Set a Gulp task to be the default

Steve picture Steve · Feb 11, 2015 · Viewed 32.1k times · Source

I have the following task in my gulpFile, created by someone else on my team:

gulp.task('serve', [], function(){
   gulp.run(
    'fonts',
    'browsersync',
    'watch'
  );
});

I would like to leave it alone, but I also wanted to map the default task to this task. So I tried:

gulp.task('default',['serve']);

It appeared to work, in that the server runs, but for some reason the "watch" task is not happening, I am not getting browser refresh on changes.

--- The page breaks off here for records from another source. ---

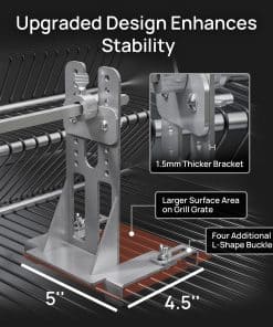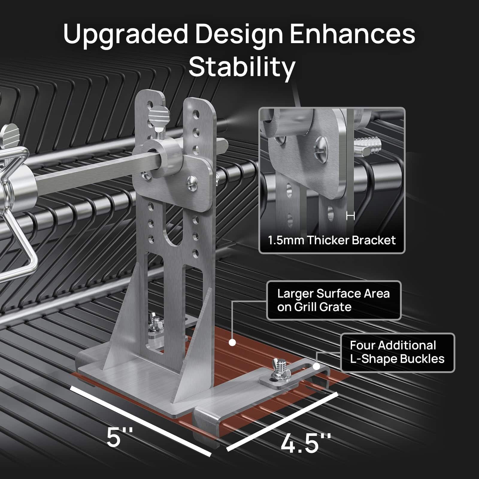 4. Configuración Sencilla Guiados por instrucciones claras y un diseño intuitivo, el ensamblaje es pan comido. Nota: Este kit solo es adecuado para parrillas que tengan agujeros en al menos un lado para instalar un soporte de motor y tengan parrillas para instalar el soporte de varilla.
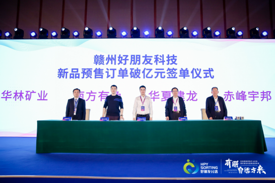 会上,赣州好朋友科技公司对天元系列、慧眼系列、黑金系列矿石智能分选设备新品进行了首发,新品受到矿山客户的热烈追捧,华夏建龙、南方有色、湘西华林、赤峰宇邦等大型矿企达成合作意向,预售订单超亿元,按下发展“加速键”。
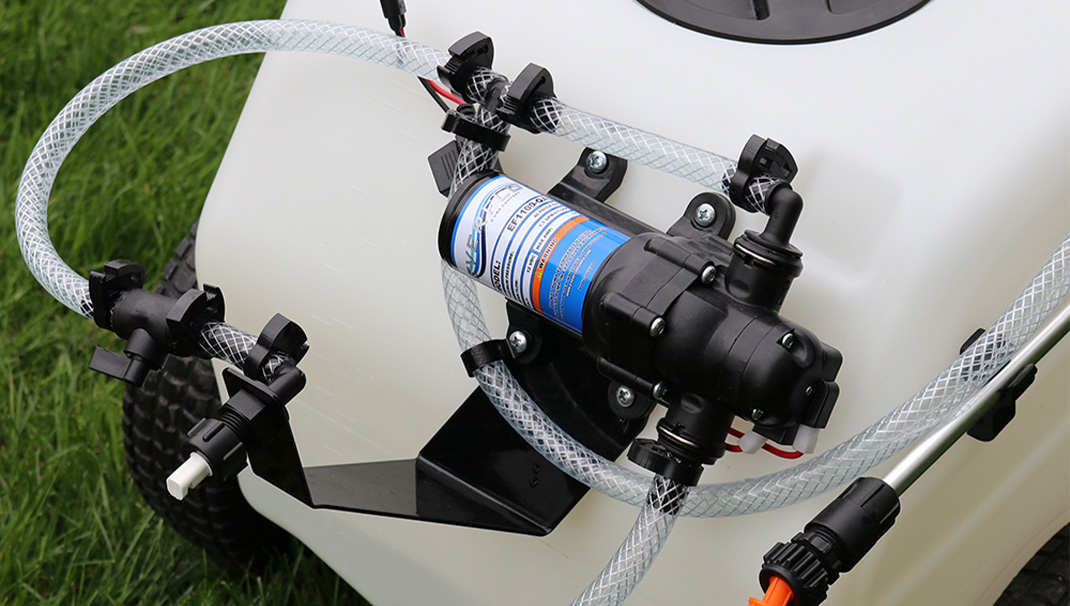 This 12 Gallon Rechargeable Lithium-Ion Spot & Broadcast Lawn Trailer Sprayer easily tackles even the most rugged terrain with the never-flat, 10” foam tires. It features a top-of the-line pumping system that includes a highly durable Everflo 1.1GPM quick attach 12V on-demand diaphragm pump that is perfect for spraying up to 40 PSI.
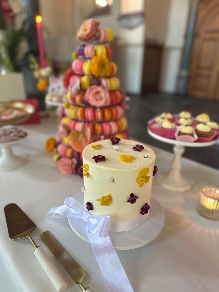 Een rijk gevulde desserttafel met verschillende mini gebakjes, afgestemd op jouw event.
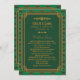 These wedding programs feature a emerald green and gold color palette, a geometric frame, geometric patterns, and other stylistic details all inspired by Art Deco and the roaring twenties. You can customize the sample text fields to your liking.
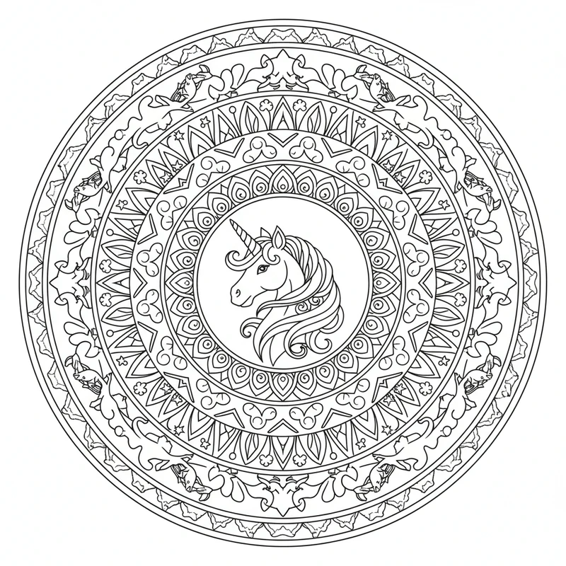 Scopri questo bellissimo mandala unicorno da colorare. Un design unico ispirato al tema unicorno, perfetto per ridurre lo stress e stimolare la creatività.
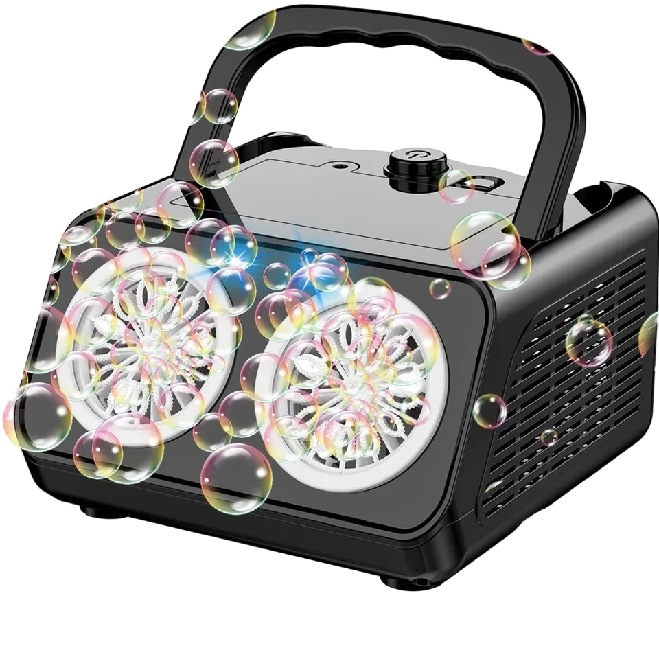 The bubble machine is an excellent addition to any fun event where you want to create a joyful and playful atmosphere. With two fans, it can produce hundreds of bubbles in just a few minutes, ensuring endless fun for children of all ages. Its compact and lightweight design allows for easy transport and use, whether at home, in the garden, or at the park.
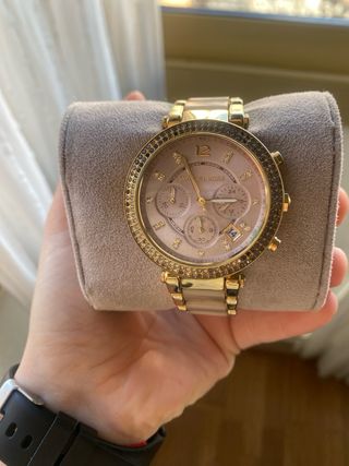 Vendo Michael Kors Parker referencia MK6326, de mujer en acero dorado con bisel engastado de cristalitos y cronógrafo + fecha Funciona correctamente (la última vez que se cambió la pila iba perfecto). Hay algún cristalito/s faltante o pequeño desgaste en el bisel. La caja original la incluyo, aunque está algo desgastada por el uso, útil para guardarlo. - Acero con acabado dorado, tamaño mediano (≈39 mm).  - Bisel con cristales decorativo (faltan algunos) -Esfera champagne con subesferas de cronógrafo y ventana de fecha.  -Movimiento de cuarzo (batería) y resistente al agua leve (aprox. 5 ATM). -Cierre pulsador, correa 16cm
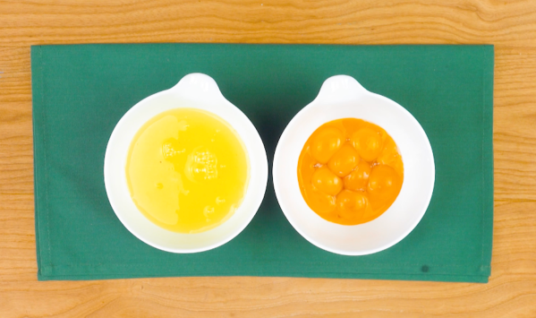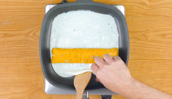 - Mettez une partie du blanc d'œuf dans une poêle graissée et faites cuire à feu doux. Placez le jaune d'œuf cuit sur le dessus et roulez-le soigneusement dans le blanc cuit.
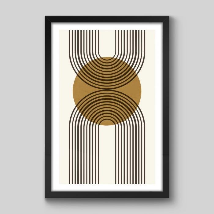 Quadro Abstrato Central Sol - 45x30cm - Moldura Padrão Preto
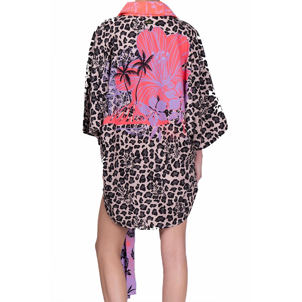 La Camicia Effek Maculata presenta manica 3/4, coulisse regolabile in vita e bottoni sulla parte anteriore.
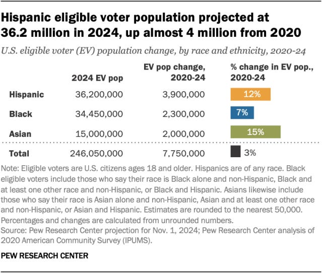 Pew Hispanic Releases New Data About The Hispanic Electorate - The Pew Hispanic center just released a new report, "Key Facts About Hispanic Eligable Voters in 2024.” The report is well worth reviewing. Two key charts:
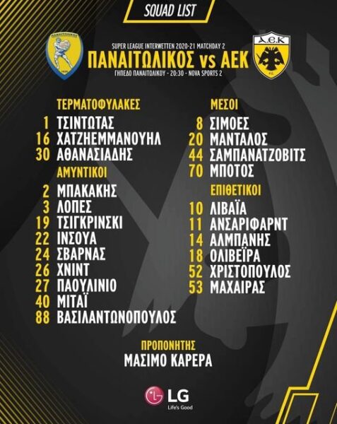 Ο Μάσιμο Καρέρα ενσωμάτωσε τα τρία νέα αποκτήματα στη αποστολή με τους Ινσούα, Χνιντ και Ανσαριφάρντ να είναι στις επιλογές. Οι τραυματίες Γαλανόπουλος, Σιμάνσκι και Κρίστιτιτς έμειναν εκτός, ενώ απουσιάζει και το όνομα του Βέρντε, ο οποίος δεν αντιμετωπίζει κάποιο πρόβλημα.
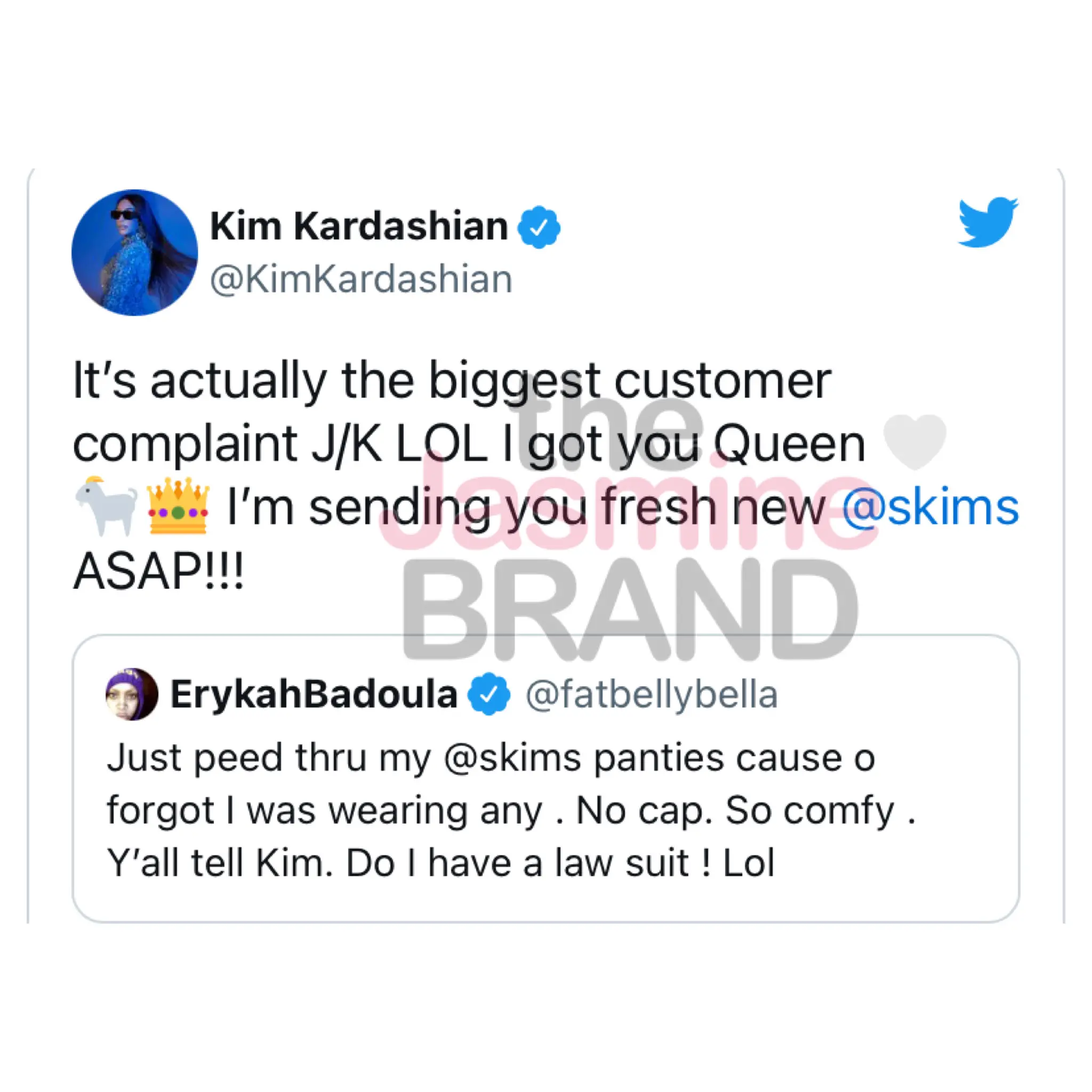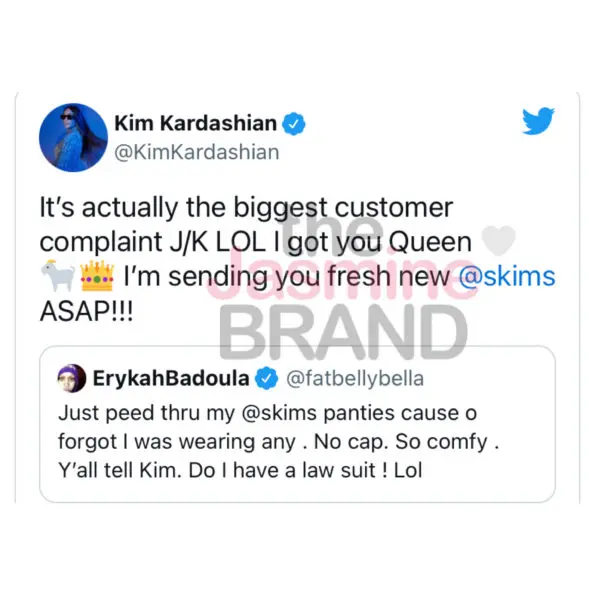 “It’s actually the biggest customer complaint J/K LOL I got you Queen [white heart, goat, and crown emojis]. I’m sending you fresh new @skims ASAP!!!”
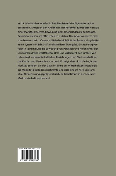 Im 19. Jahrhundert wurden in Preußen bäuerliche Eigentumsrechte geschaffen. Entgegen den Annahmen der Reformer führte dies nicht zu einer marktgesteuerten Bewegung des Faktors Boden zu denjenigen Betrieben, die ihn am effizientesten nutzten: Der Acker wanderte nicht zum besseren Wirt. Vielmehr blieb die Mobilität des Bodens eingebettet in ein System von Erbschaft und familiärer Übergabe. Georg Fertig verfolgt in seinem Buch die Bewegung von Parzellen und Höfen unter den Landwirten dreier westfälischer Orte und untersucht den Einfluss von Lebenslauf, verwandtschaftlichen Beziehungen und Nachbarschaft auf das Kaufen und Verkaufen von Land. Er zeigt, dass nicht die Logik des Marktes, sondern die der Gabe im Sinne der Wirtschaftsanthropologie die Mobilität des Bodens bestimmte und dass eine im Kern von familiärer Umverteilung geprägte bäuerliche Gesellschaft in der liberalen Marktwirtschaft fortbestand.
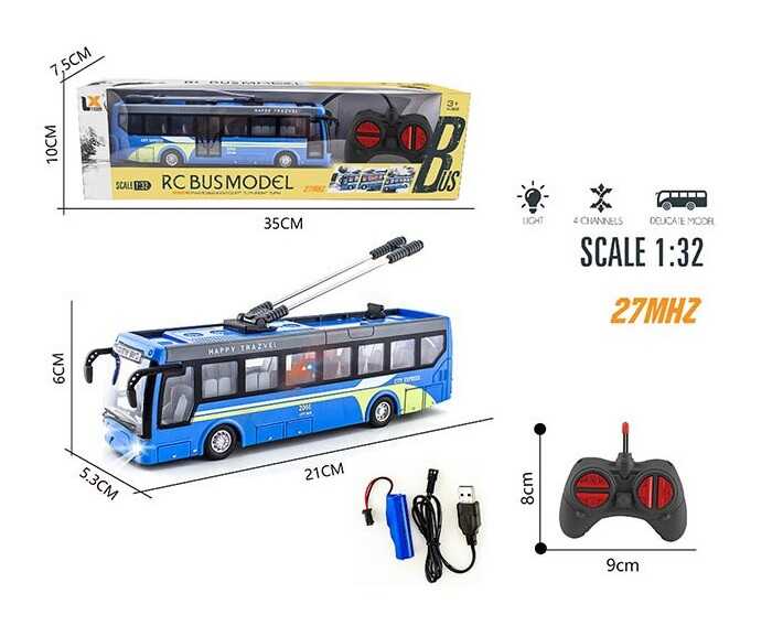 - Тролейбус на радіокеруванні 135-2 (72) масштаб: 1:32, акумулятор: 3.7 V, пульт: 27 MHz, підсвічування, прогумовані колеса, USB-кабель, в коробці
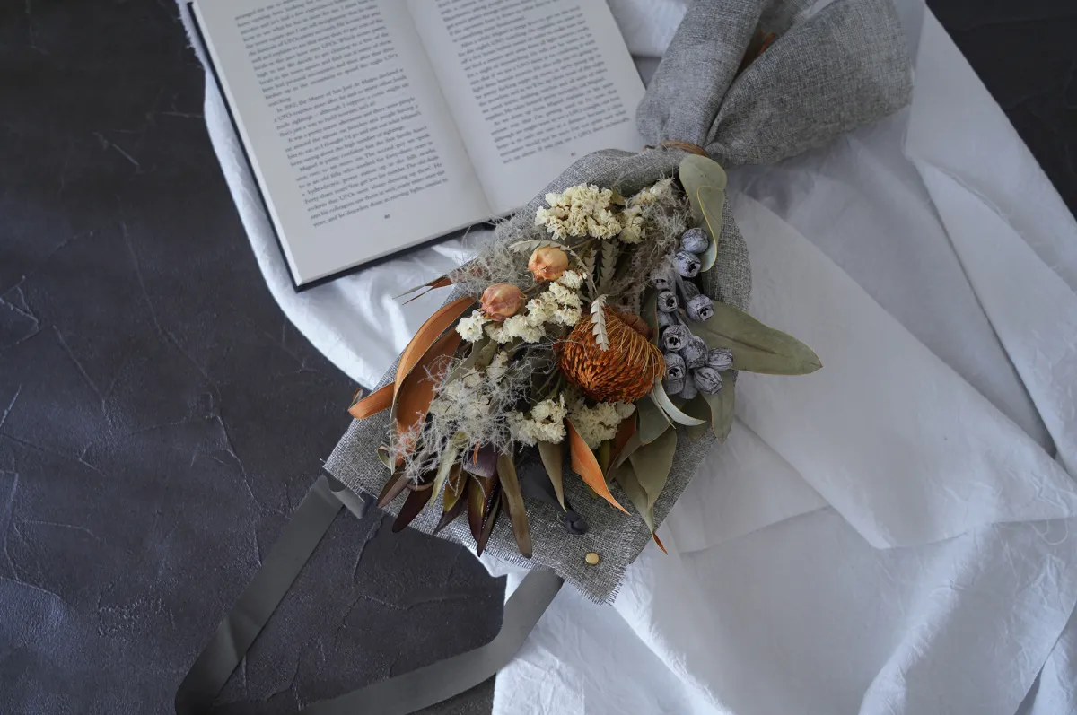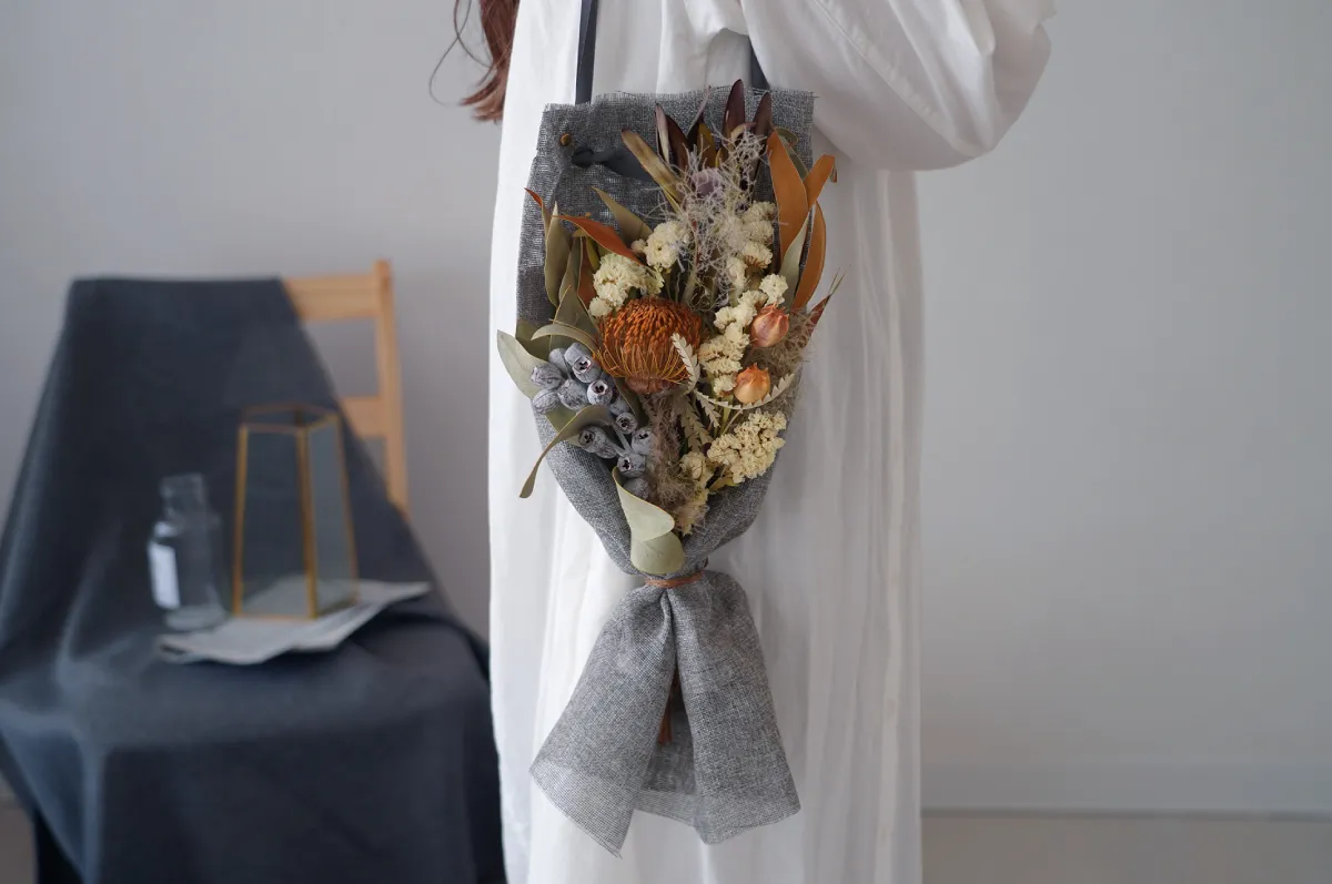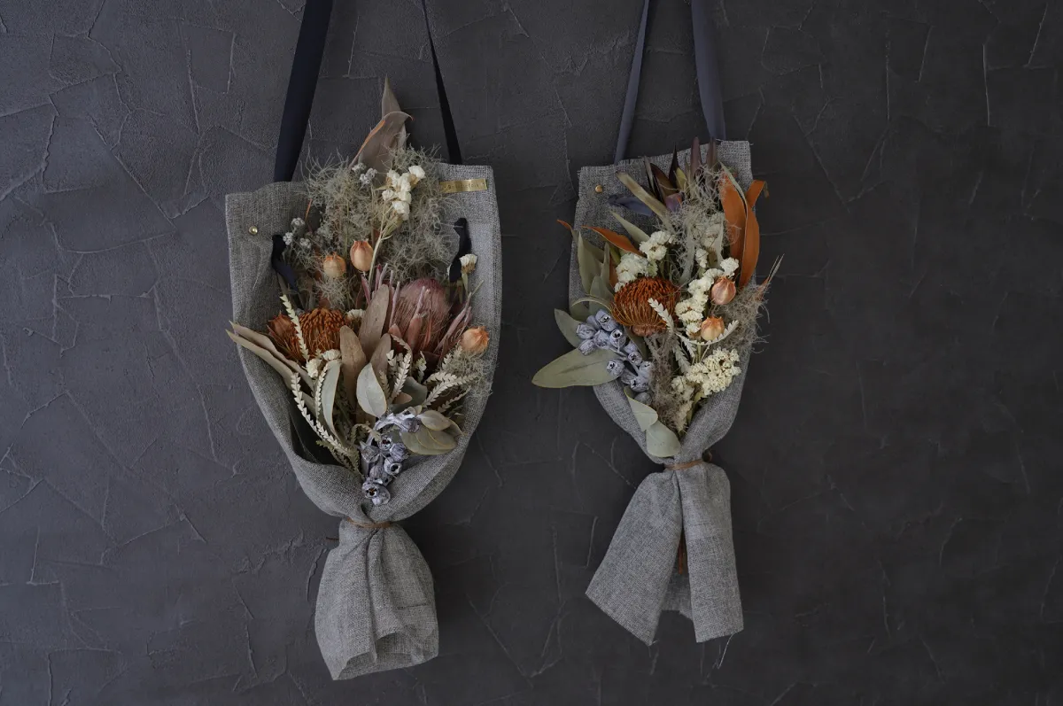 バック風にアレンジしたドライフラワーのブーケ。

It all works as planned if I run "gulp serve" but not "gulp". What did I do wrong?

EDIT: Here's the watch task:

gulp.task('watch', ['styles', 'browsersync'], function() { //'default'
  gulp.watch(
    [
      './app/assets/sass/**/*.scss',
      './app/modules/**/*.scss'
    ], ['styles']);

  gulp.watch([
    './app/**/*.js',
    './app/**/*.html'
  ], function() {
    reload();
  });

});

Answer

Seth picture Seth · Feb 11, 2015

Try updating your default task to include the watch task in the array argument instead of running it inside serve. Like so:

gulp.task('default', ['serve', 'watch']);

If you checkout the Gulp documentation on asynchronous task support, particularly the last example, you'll see that you can require a dependent task to finish before the designated task is supposed to start.

var gulp = require('gulp');

// takes in a callback so the engine knows when it'll be done
gulp.task('one', function(cb) {
    // do stuff -- async or otherwise
    cb(err); // if err is not null and not undefined, the run will stop, and note that it failed
});

// identifies a dependent task must be complete before this one begins
gulp.task('two', ['one'], function() {
    // task 'one' is done now
});

gulp.task('default', ['one', 'two']);